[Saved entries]
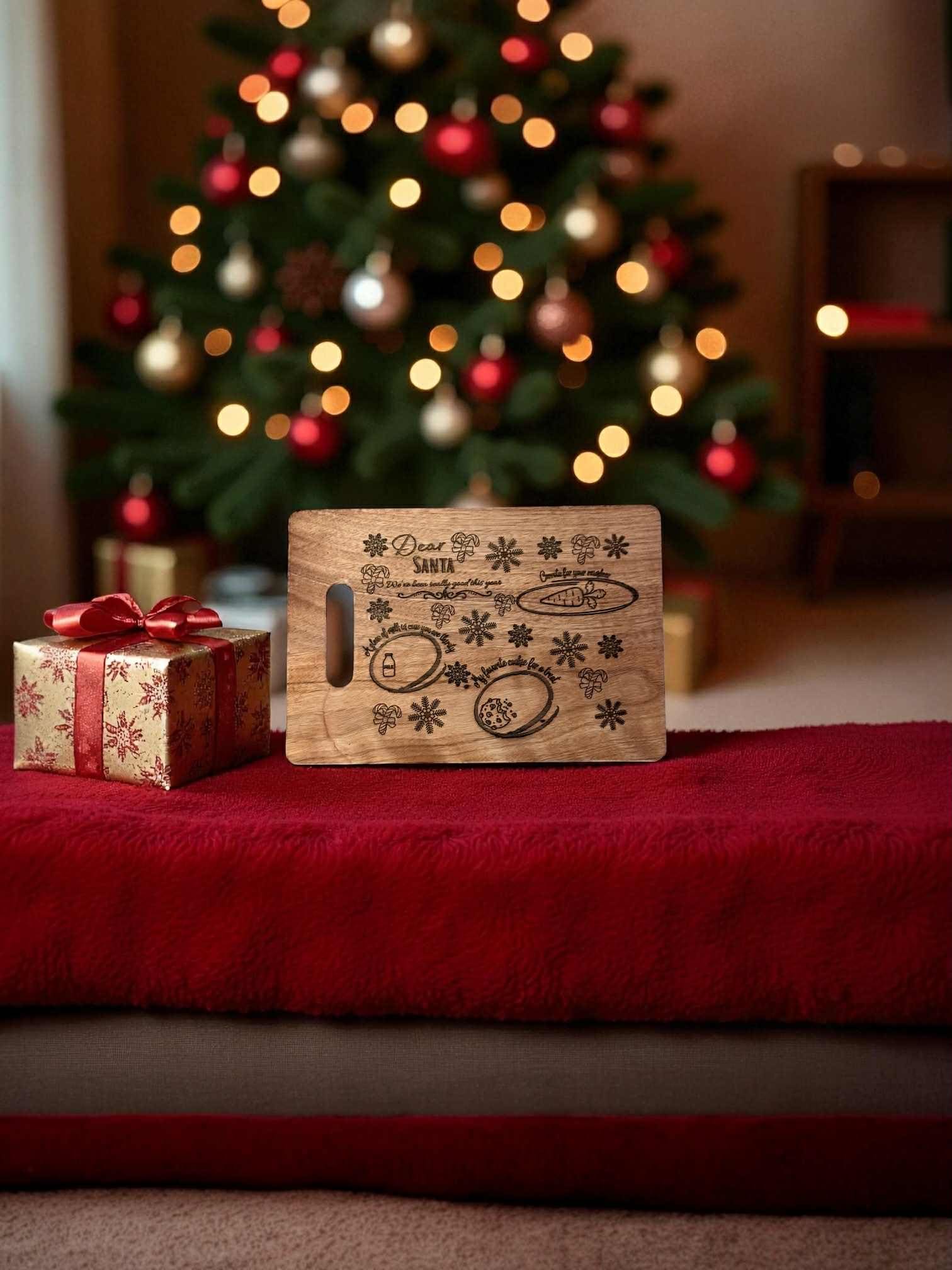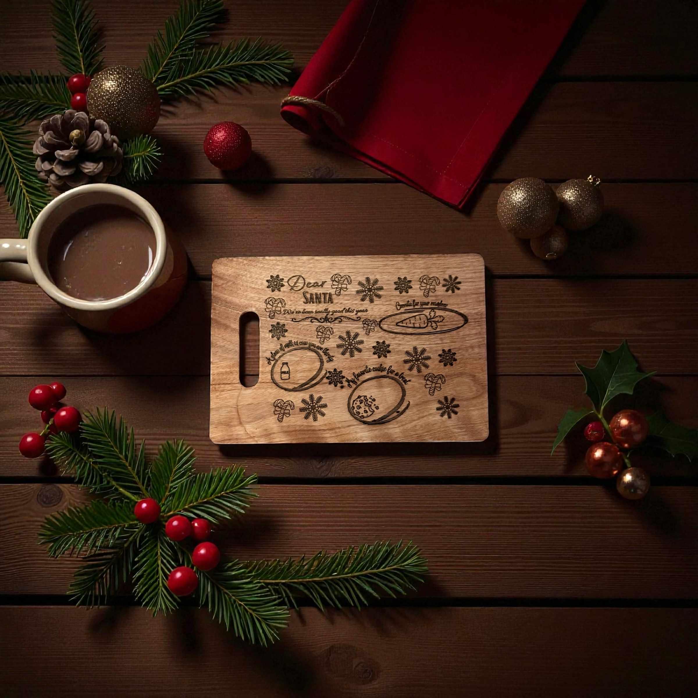 Make Christmas Eve extra magical with this beautifully engraved wooden Santa treat board! Designed to hold Santa’s milk, a favorite cookie, and a carrot for the reindeer, this reusable holiday board becomes a cherished family tradition year after year.
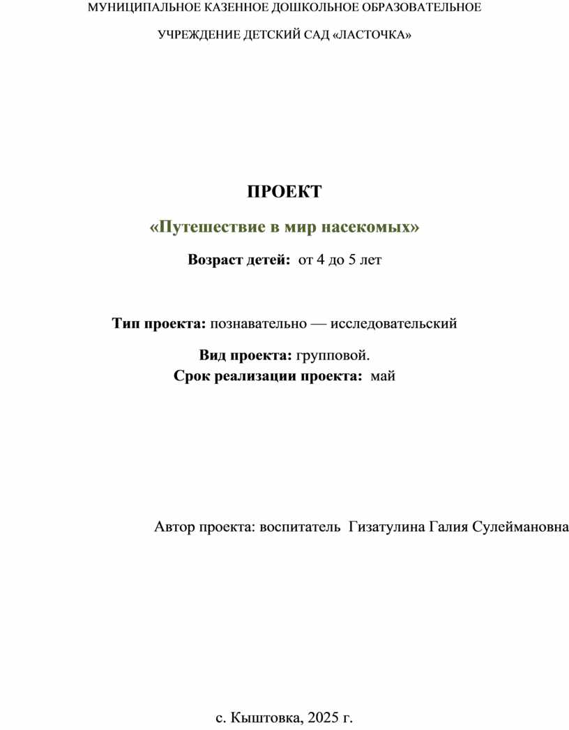 Автор проекта: воспитатель Гизатулина Галия Сулеймановна
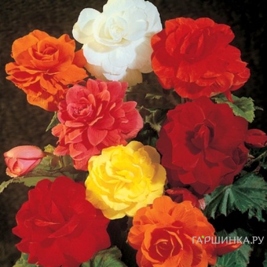 Бегония махровая Дубль Микс - кустовая клубневая бегония. Кусты компактные высотой 35 см, различной окраски, с прямостоячими стеблями. Соцветия крупные, махровые, ароматные, диаметром до 10 см. Цветут в июне-октябре. Яркий микс из махровый бегоний.
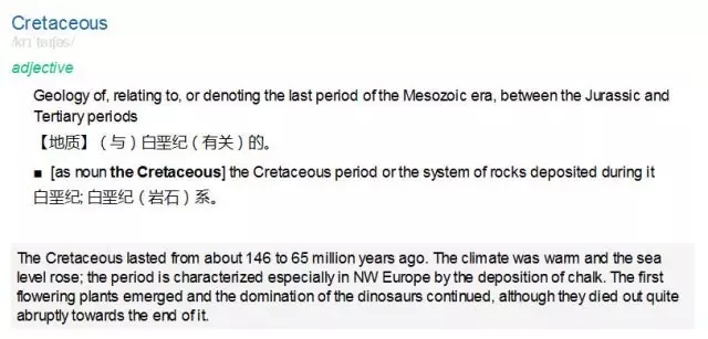 拉丁文中 creta 表示 chalk,所以 Cretaceous 即“白垩纪”。
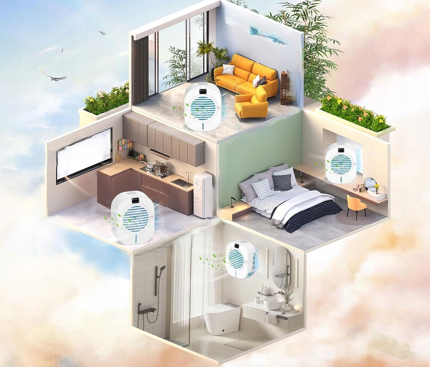 🛁 Łazienka – eliminuje wilgoć i zapobiega powstawaniu pleśni.
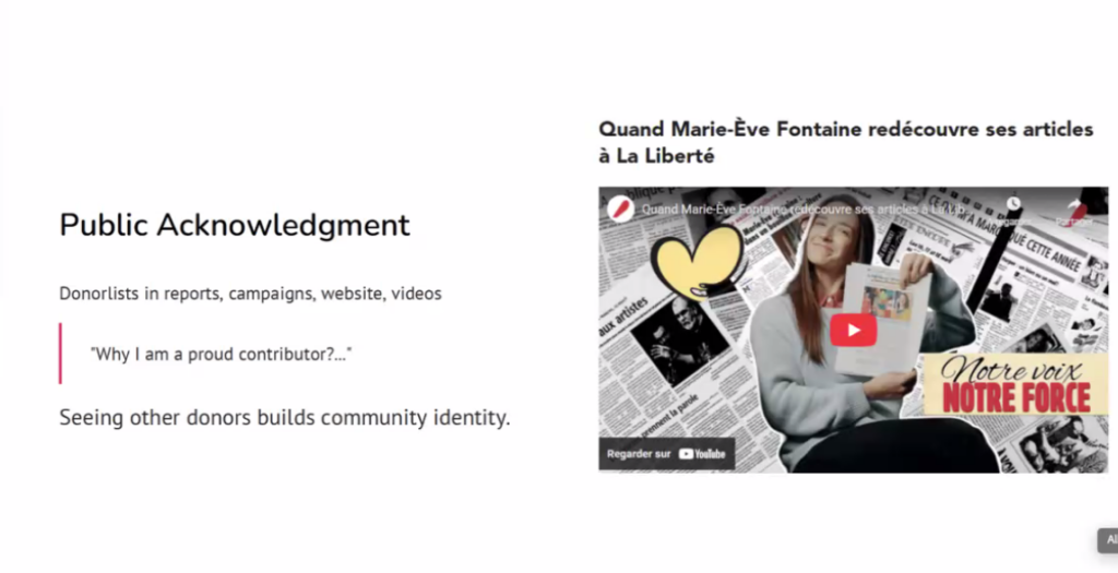 La Liberté використовує амбасадорів для залучення нових донорів поза колом читачів. Оптимістичні повідомлення: не «рятуйте газету», а «підтримайте місію». Свідчення донорів — соціальний доказ, який працює краще за маркетингові тексти.
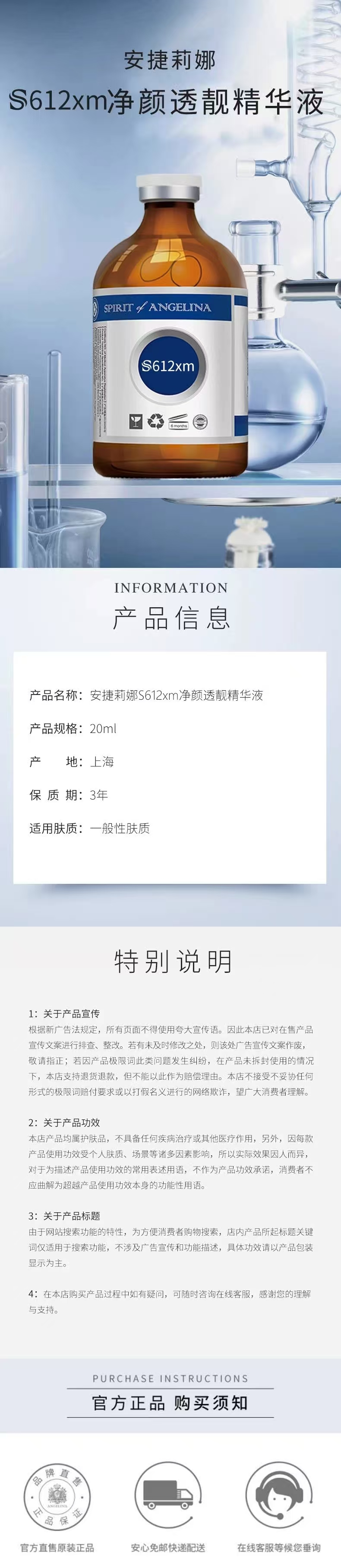 【安捷莉娜】S612xm 净颜透靓精华液20ml*5瓶
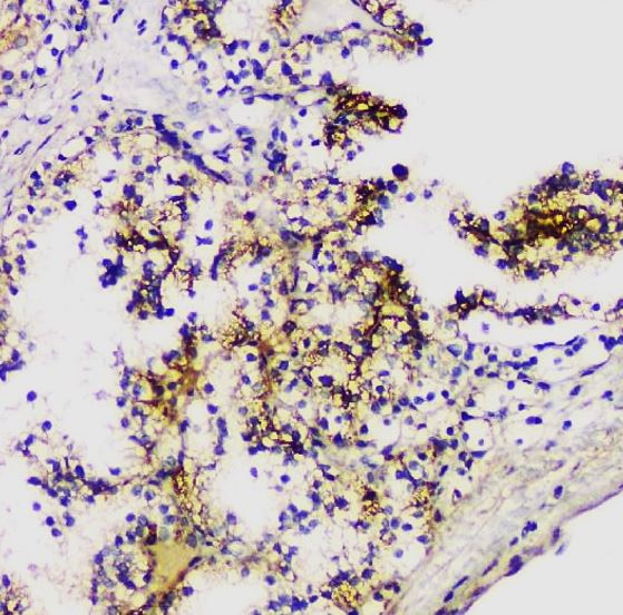 Immunohistochemistry: Human renal cancer stained with ARG45158 anti-SCN4B antibody at 1 μg/ml dilution.
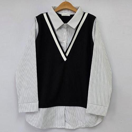 [셀러허브_여성트랜드패션]빅사이즈 602 레트로카라배색니트셔츠 DBST895
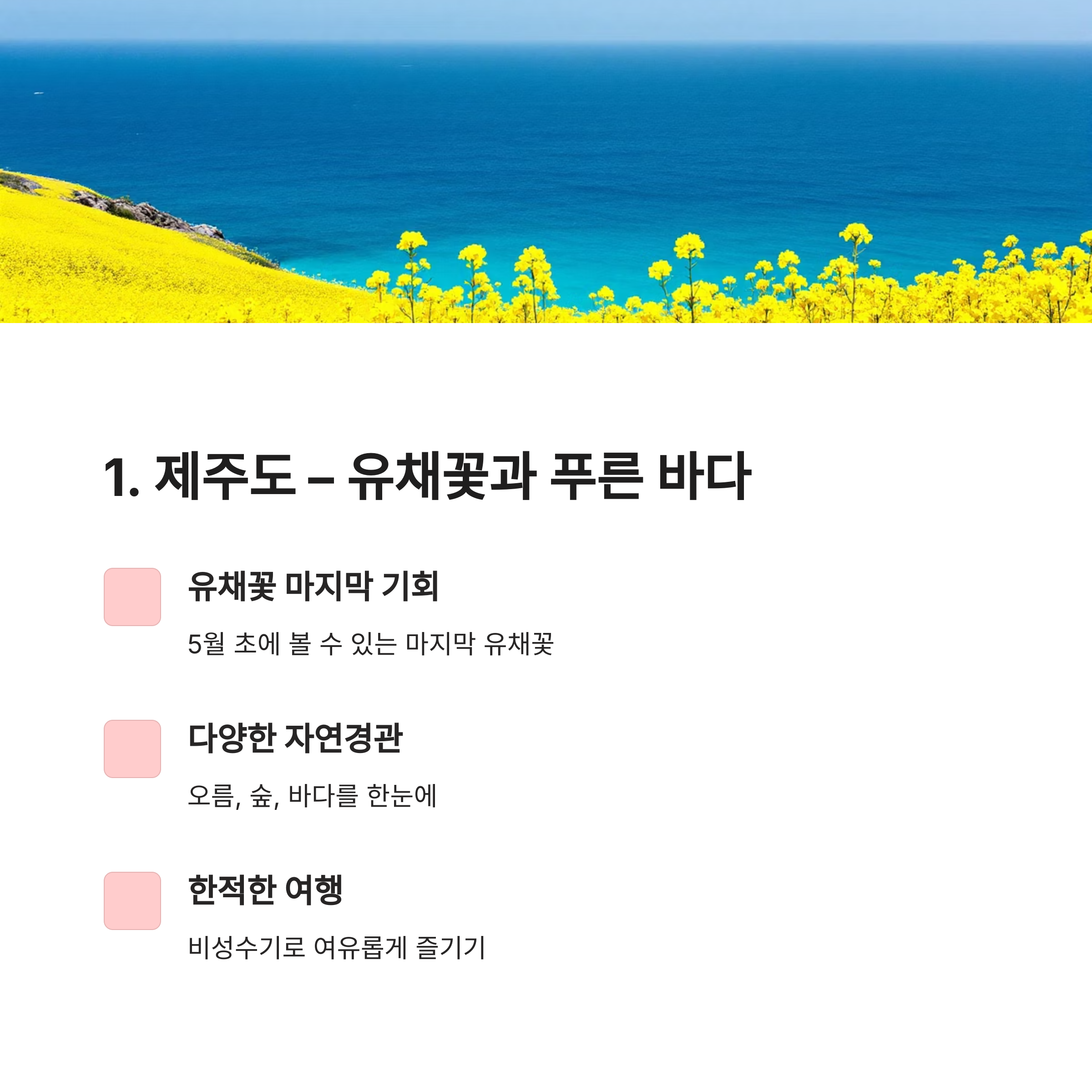 1. 제주도 - 푸른 바다와 유채꽃의 조화
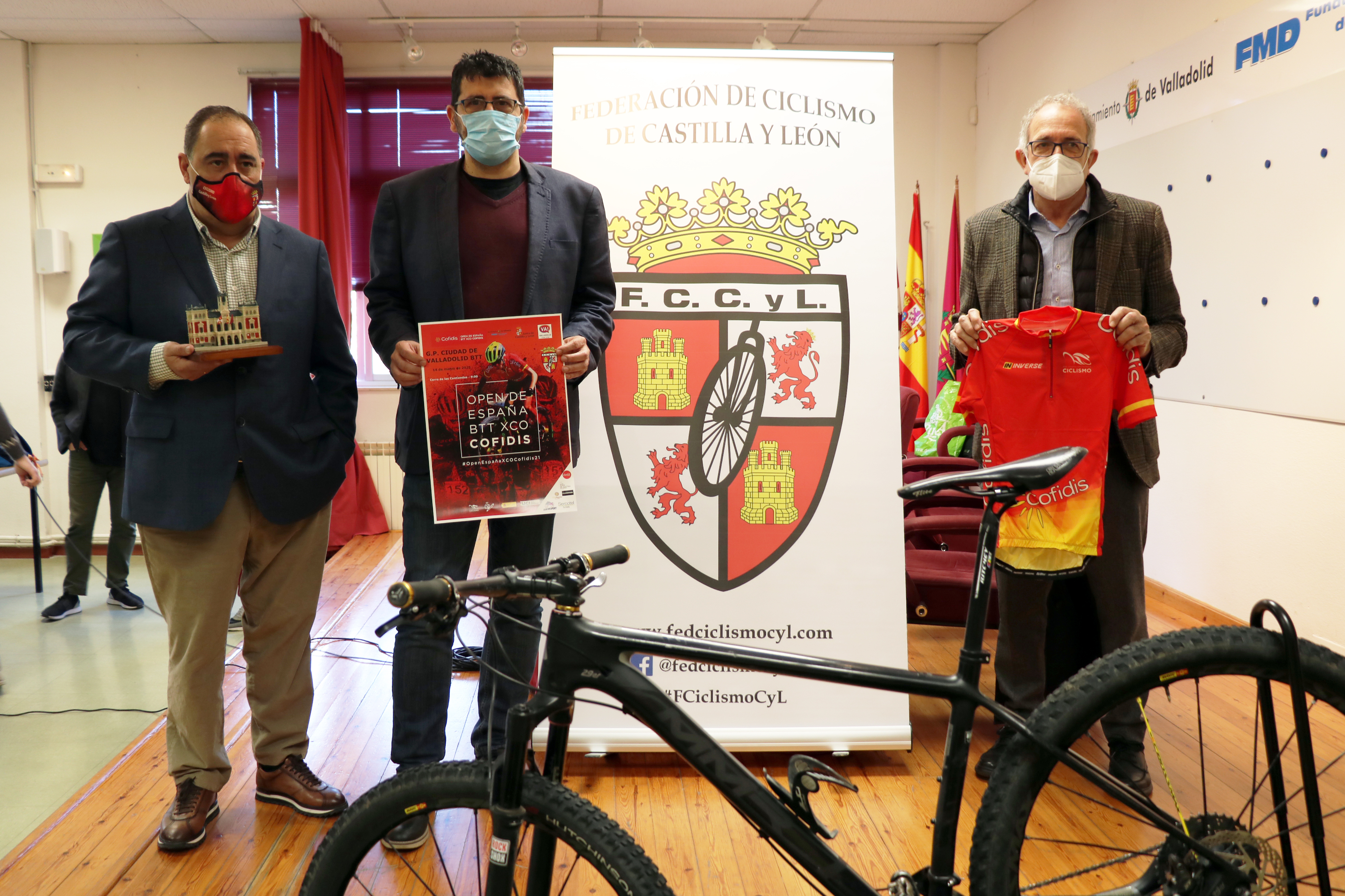 El concejal de Participación Ciudadana y Deportes, Alberto Bustos, junto a los presidentes de las federaciones autonómica y nacional de ciclismo, han presentado esta mañana el Open de España de BTT XCO - Gran Premio Ciudad de Valladolid que se disputará el domingo 14 de marzo en el circuito de Las Contiendas. Con récord absoluto de participantes, competirán cerca de 700 deportistas de las distintas categorías tanto femeninas como masculinas, siempre siguiendo estrictos protocolos sanitarios.

-- WHAT IS REQUIRED --
Starting with the line that contains "拉丁文中 creta 表示", print every line through the end of the data exactly as written; omit all pictures and add nothing else.

-- EXERCISE SOLUTION --
 拉丁文中 creta 表示 chalk,所以 Cretaceous 即“白垩纪”。
 🛁 Łazienka – eliminuje wilgoć i zapobiega powstawaniu pleśni.
 La Liberté використовує амбасадорів для залучення нових донорів поза колом читачів. Оптимістичні повідомлення: не «рятуйте газету», а «підтримайте місію». Свідчення донорів — соціальний доказ, який працює краще за маркетингові тексти.
 【安捷莉娜】S612xm 净颜透靓精华液20ml*5瓶
 Immunohistochemistry: Human renal cancer stained with ARG45158 anti-SCN4B antibody at 1 μg/ml dilution.
 [셀러허브_여성트랜드패션]빅사이즈 602 레트로카라배색니트셔츠 DBST895
 1. 제주도 - 푸른 바다와 유채꽃의 조화
 El concejal de Participación Ciudadana y Deportes, Alberto Bustos, junto a los presidentes de las federaciones autonómica y nacional de ciclismo, han presentado esta mañana el Open de España de BTT XCO - Gran Premio Ciudad de Valladolid que se disputará el domingo 14 de marzo en el circuito de Las Contiendas. Con récord absoluto de participantes, competirán cerca de 700 deportistas de las distintas categorías tanto femeninas como masculinas, siempre siguiendo estrictos protocolos sanitarios.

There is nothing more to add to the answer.